The terms searched most frequently by web users.#

Zbigniew Koziol, softquake@gmail.com

#First published in 2000.

This page contains words as entered by real internet users to search forms in several search engines. Some words might be thought offensive for any reason for some of you. Please consider leaving this page and not reading its content if this is your case.

The data presented here have been obtained by analysing a large amount of queries entered at several major search engines:

    SearchUK
    ByteSearch
    SavvySearch
    McKinley 

These sites have been monitored non-stop for approximately 10 days and the information gathered from there (several hundreds of MB of text datafile) has been analyzed by custom developed scripts in Perl. The following procedure has been implemented:

  1. All the words have been converted to lowercase.
  2. Queries concisting of many words have been split to separate words.
  3. Certain special characters have been converted to usual ASCII ones.
  4. Some small amount of garbage has been removed.

In result, a list of 640,000 distinct search terms has been created.
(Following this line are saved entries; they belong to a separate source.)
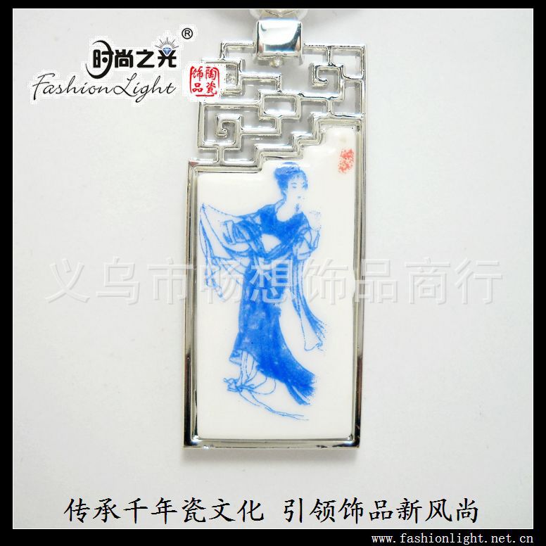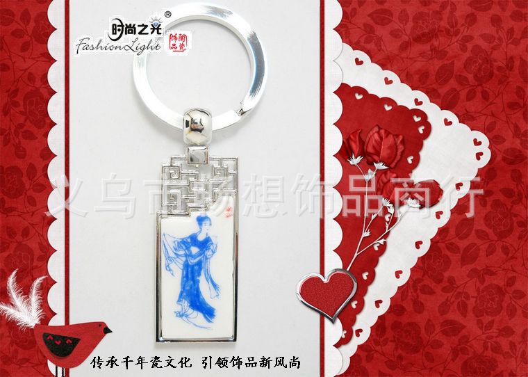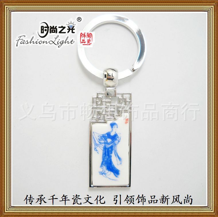 [厂家直销]时尚之光陶瓷饰品青花瓷仕女金属钥匙扣 (4.5*2CM)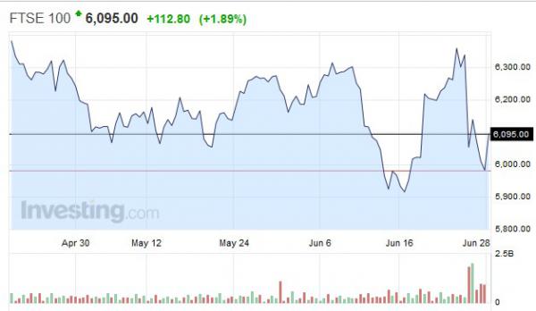 A londoni értéktőzsde fő mutatója, az FTSE-100 index 1,96 százalékos, a frankfurti DAX-index 2,04 százalékos, a párizsi CAC-40 index pedig 2,16 százalékos nyereségben indította a kereskedést. Az euróövezeti vállalatok gyűjtőindexei közül az EuroStoxx50 2,38 százalékkal emelkedett nyitásban.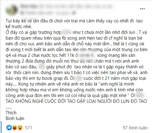 Tuy nhiên, đối với một số người, buổi hẹn hò đầu tiên không những không để lại kỷ niệm đẹp mà nó còn là nỗi ám ảnh khiến họ mất dần niềm tin vào việc tìm được nửa kia. Điển hình như trường hợp "cay đắng" nhớ đời của cô gái trong bài.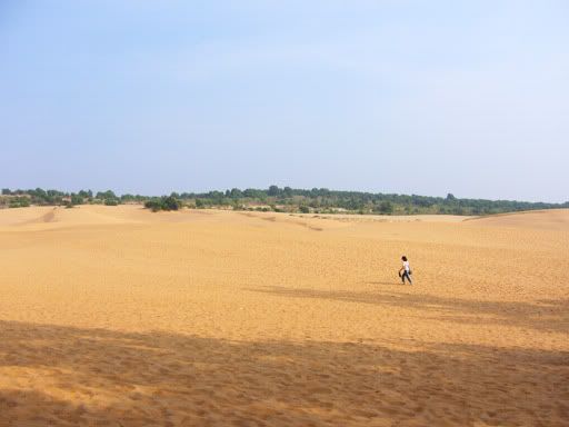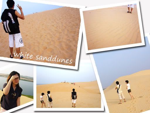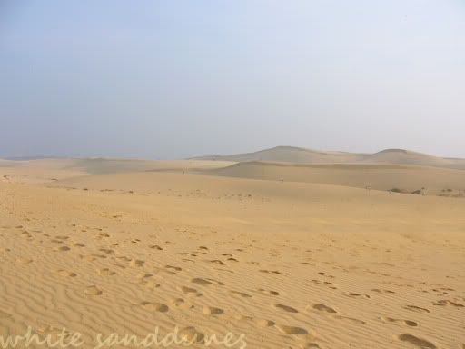 走了一会,我们终于到了期待已久的白沙丘。原来这里真的很美哦!一大片白沙丘,好像小沙漠似的。只可惜一大片的白沙,我的小相机拍不出它的美。真希望有架SLR。无论如何,还是贴上了几张照片。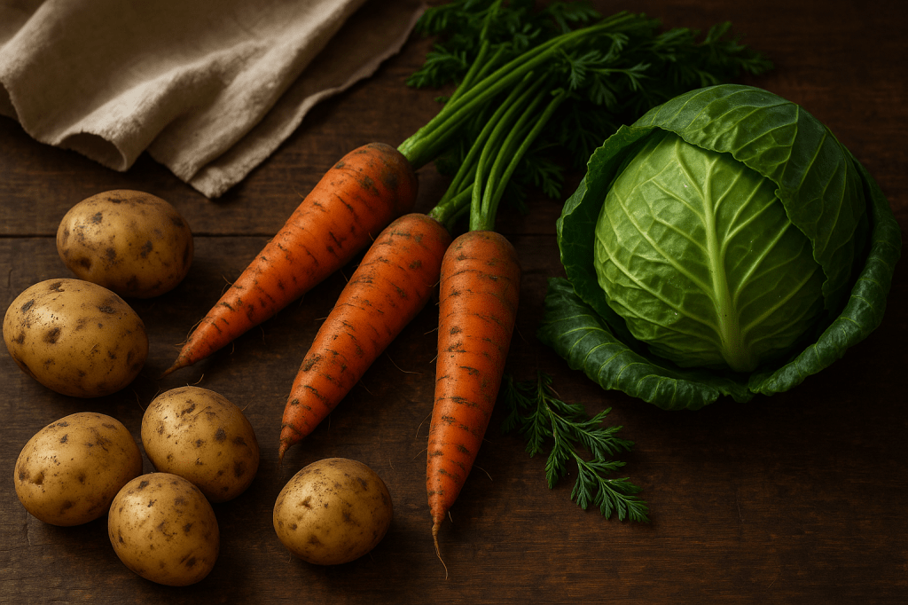 I know everyone expects the Irish to say bacon and cabbage, and don’t get me wrong, I’d wrestle a man for a plate of it on a cold day. But it’s the homegrown stuff that does it for me. Spuds you had to chase around the sink because they were still alive, carrots shaped like rude body parts, and cabbage so fresh it tried to crawl off the table.
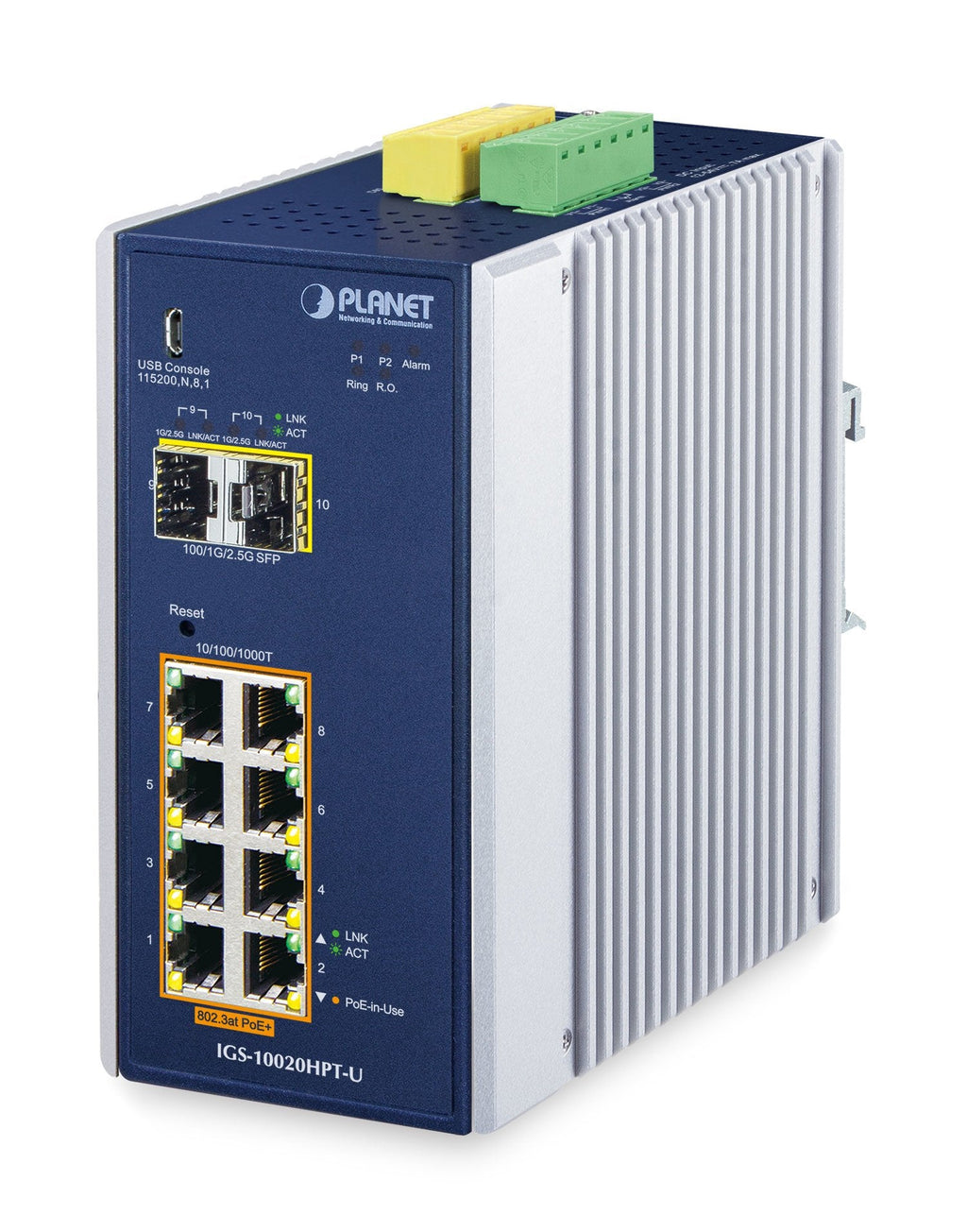 PLANET DIN-Rail L2+/L3 Manageable Gestionado L2+ Gigabit Ethernet (10/100/1000) Energía sobre Ethernet (PoE) Aluminio, Azul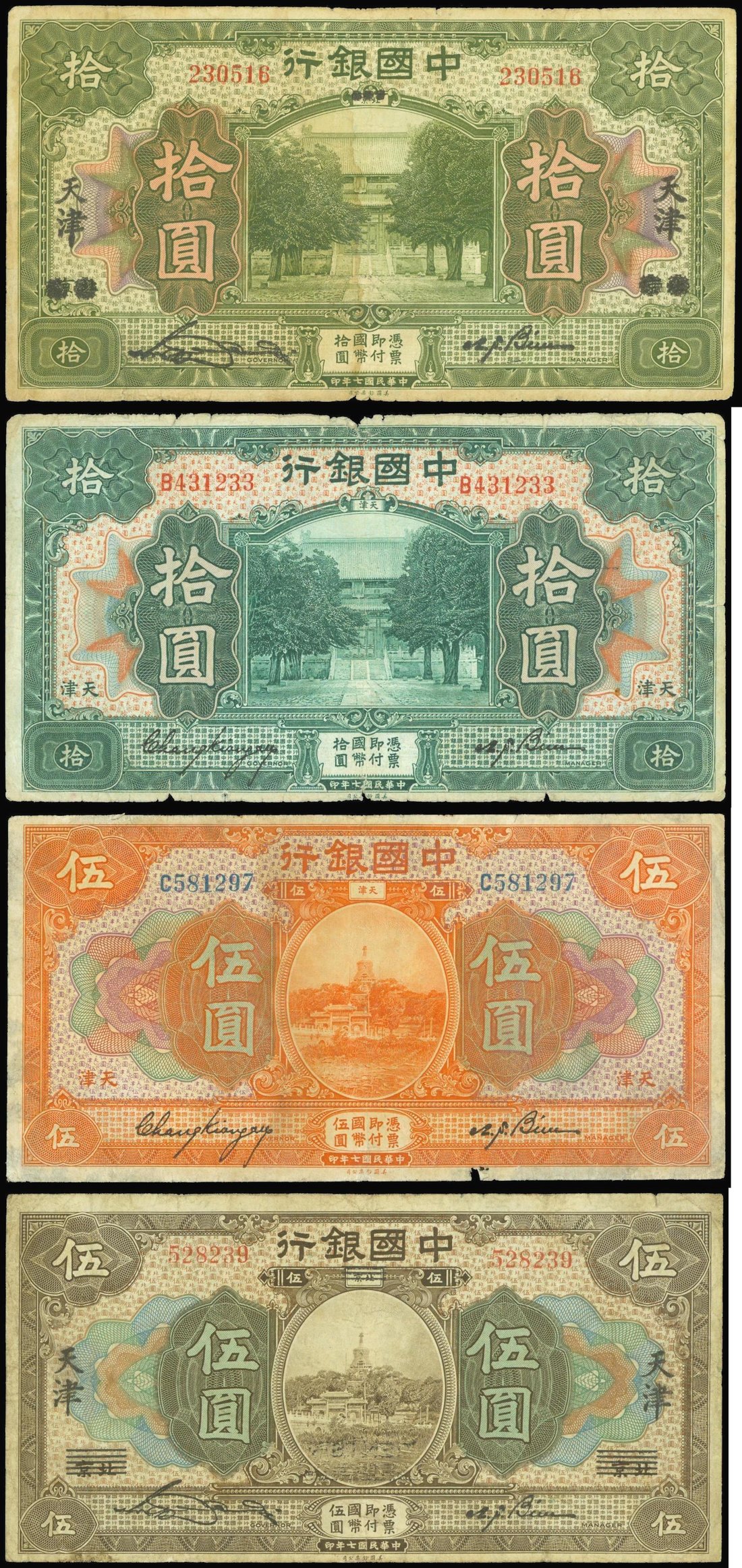 Bank of China, lot of 4 notes, 1918, 5yuan and 10yuan, Tientsin and 5yuan and 10yuan, Tientsin overprinted on Peking,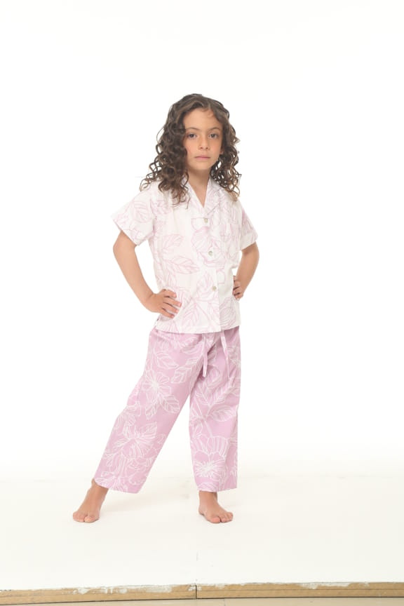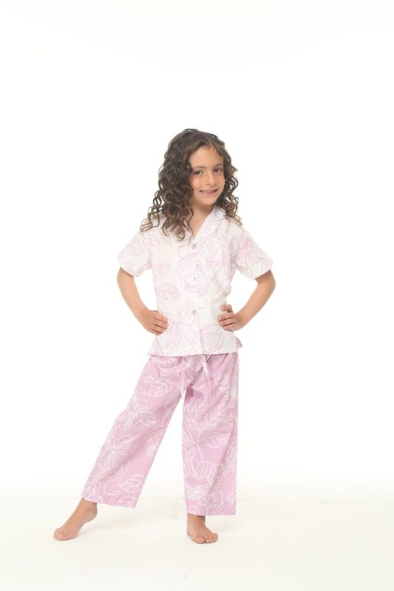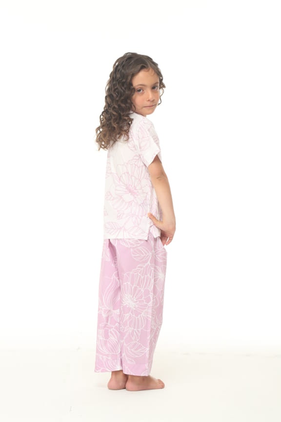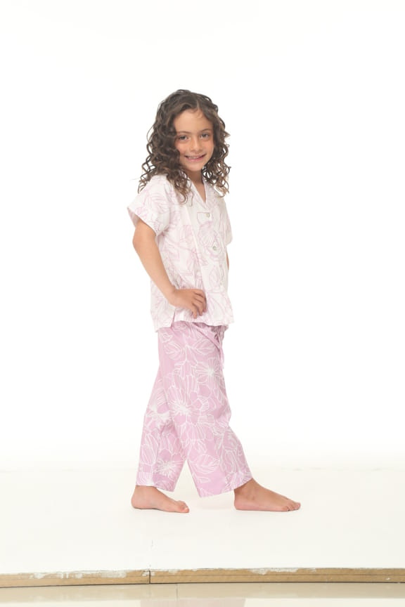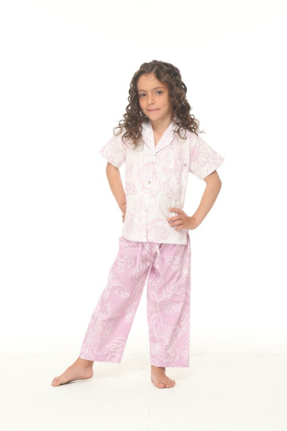Pijama elaborada en tejido plano 100% algodón, camisa en fondo blanco estampado con flores de color lila, manga corta, cuello con solapa, doble bolsillo en el frente y corte con prense en la espalda. prenda inferior en fondo color lila estampado con flores blancas, elástico en la parte trasera de la cintura y ajustable al frente con cordones elaborados en la misma tela.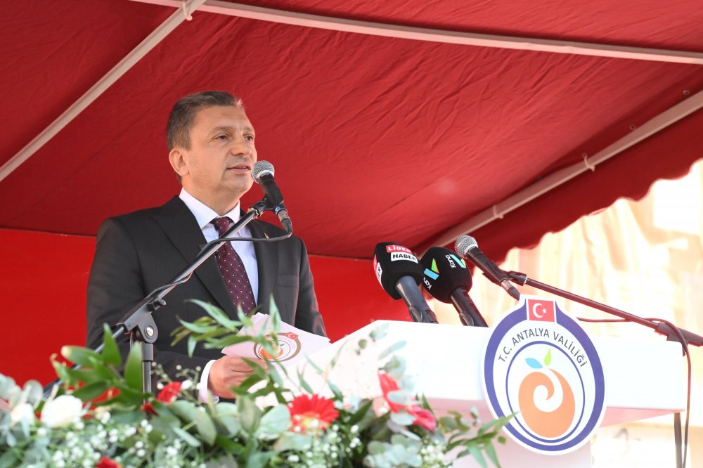 Cumhurbaşkanı Recep Tayyip Erdoğan'ın kutlama mesajının okunmasının ardından kürsüye çıkan Antalya Valisi Hulusi Şahin, Cumhuriyet'in 101. Yılını kutlayarak, şu açıklamalarda bulundu: “Türkiye, dört tarafı ateşle, kanla ve gözyaşıyla çepeçevre kuşatılmış bir coğrafyada 100 yıldır huzur ve güven adası olarak mevcudiyetini muhafaza ediyor. Ve sadece bir asır önce adeta bitmiş ve tükenmiş bir ulustan tekrar dünyada sözü geçen, hakkı hakikati vaaz eden, zalimlerin yüzüne adaleti haykıran, hür ve müstakil bir devlet olarak tarih sahnesinde yerini alıyor. Bu büyük başarının sırrı, Cumhuriyetimizin kurucu değerlerinde ve Türkiye Cumhuriyeti Devleti'nin üzerinde yükseldiği temel felsefede gizlidir. Bu kurucu değerler İstiklal harbini büyük zaferle tamamlayan, bu zafer üzerine irfanla yeni devleti inşa eden, o büyük ve şanlı neslin kurucu babalarımızın eseridir. Bu değerlerin ilki, millet tanımıdır. 20. yüzyılın ilk yarısında dünyayı hakimiyeti altına alan temel görüş; ırkçı, saldırgan, ötekileştirici bir millet tasavvuruydu. Bu ve benzeri zihniyetlerin hakim olduğu o yıllarda, Cumhuriyeti kuran irade ise Büyük Atatürk'ün veciz ifadeleriyle şöyle söylüyordu “Türkiye Cumhuriyeti'ni kuran Türkiye halkına Türk milleti denir.” Diyarbakırlı, Vanlı Erzurumlu, Trabzonlu, İstanbullu, Trakyalı ve Makedonyalı hep bir ırkın evlatları hep aynı cevherin damarlarıdır. Bu kapsayıcı, kucaklayıcı, ortak kültür, ortak tarih ve ortak gelecek tasavvuru etrafında birleştiren millet anlayışı, 1924'ten itibaren anayasalarımızda da yerini almıştır. Halen yürürlükte olan ve hepimizin sadakat yemini ettiğimiz Anayasamızın 66. Maddesi, kimlik tartışmalarına son noktayı koyuyor. Türk devletine vatandaşlık bağıyla bağlı olan herkes Türk'tür”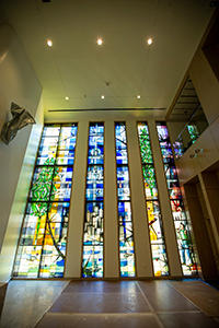 Baumer calls the Commons Building the cornerstone of the new hospital. It connects the hospital and the ambulatory care center and is wrapped in patinaed copper, a nod to Desloge Tower. A two-story chapel soars from the Commons Building. There's an outdoor garden for reflection and prayer, other green spaces and water features on the grounds.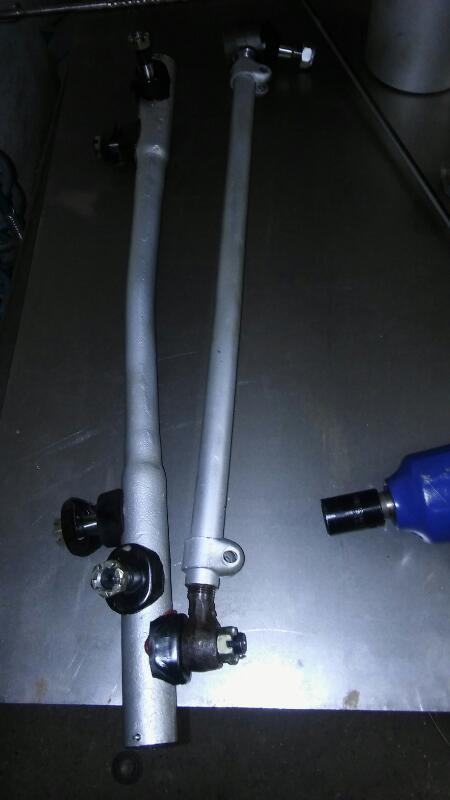 Udało mi się dzisiaj zregenerować zwrotnice. Z zapasów wykopałem nowe tulejki, łożyska, podkładki i sworznie. Stare sworznie właściwie nadawały się do ponownego montażu - zużyły się tylko tulejki. Na fotce dwa rodzaje - po lewej tulejka bez rozwiercania, po prawej do rozwiercenia. Podobno jest jeszcze jakaś z grubszą warstwą teflonu - bez rozwiercania, ale... Niestety w obydwu zwrotnicach otwory na tuleje nie były idealnie w osi - widać to było bardzo dobrze po rozwierceniu. Także wbijanie sworznia w te tulejki bez rozwiercania kończyło się ich uszkodzeniem i zablokowaniem sworznia. Po rozwierceniu tych po prawej sworznie weszły z delikatnym oporem i zwrotnice pracują bardzo lekko bez jakichkolwiek luzów, więc polecam taką opcję. Rozwiertak fi 25.

The presented database is, to the best of my knowledge, the largest one available at the moment for free and it has a great value for everyone treating seriously advertising on the internet. Here is a listing of the number of searches for the most frequently queried terms, at the time research:

67036	mp3
43627	free
41132	find
15635	download
15096	software
14715	sex
14268	web
13516	information
12740	music
12442	car
11564	online
10661	internet
10632	computer
10568	pictures
10417	home
9926	video
9765	search
9698	games


Fig. 1. Number of distinct terms searched as a function of the number of searches performed, for 640,000 distinct search terms. A simple power low dependence fits well to the data.



Figure 1 shows the depandance of the number of distinct search terms on frequency of searching for these terms. For instance, we find there that the term video has been searched 9926. No other term has been searched this number of times. Hence, there is one term only that has been searched 9926 times. A point corresponding to this term is located on this figure at the bottom of vertical axis and on the right of horizontal axis. Another example: The terms schools, cheap, and camera have all been searched 2914 times. A point corresponding to these terms will have a value of 3 on vertical axis and a value 2914 on horizontal axis.



Fig. 2. Number of searches performed as a function of rank (the order, popularity) of a given search term.



Another way of presenting the data is drawing dependence of the number of searches performed as a function of rank (the order, popularity) of a given search term, as shown in Figure 2.



Fig. 3. Stretched-exponential-like dependence of the number of searches performed as a function of rank.



Figure 3 illustrates that data shown in Figure 2 can be well fitted by a straigt line if we use the rank to certain power on log-horizontal axes. In this case we see that the number of searches is proportional to exp(a*r0.2), where r is the rank of a search term and a is a certain coefficient.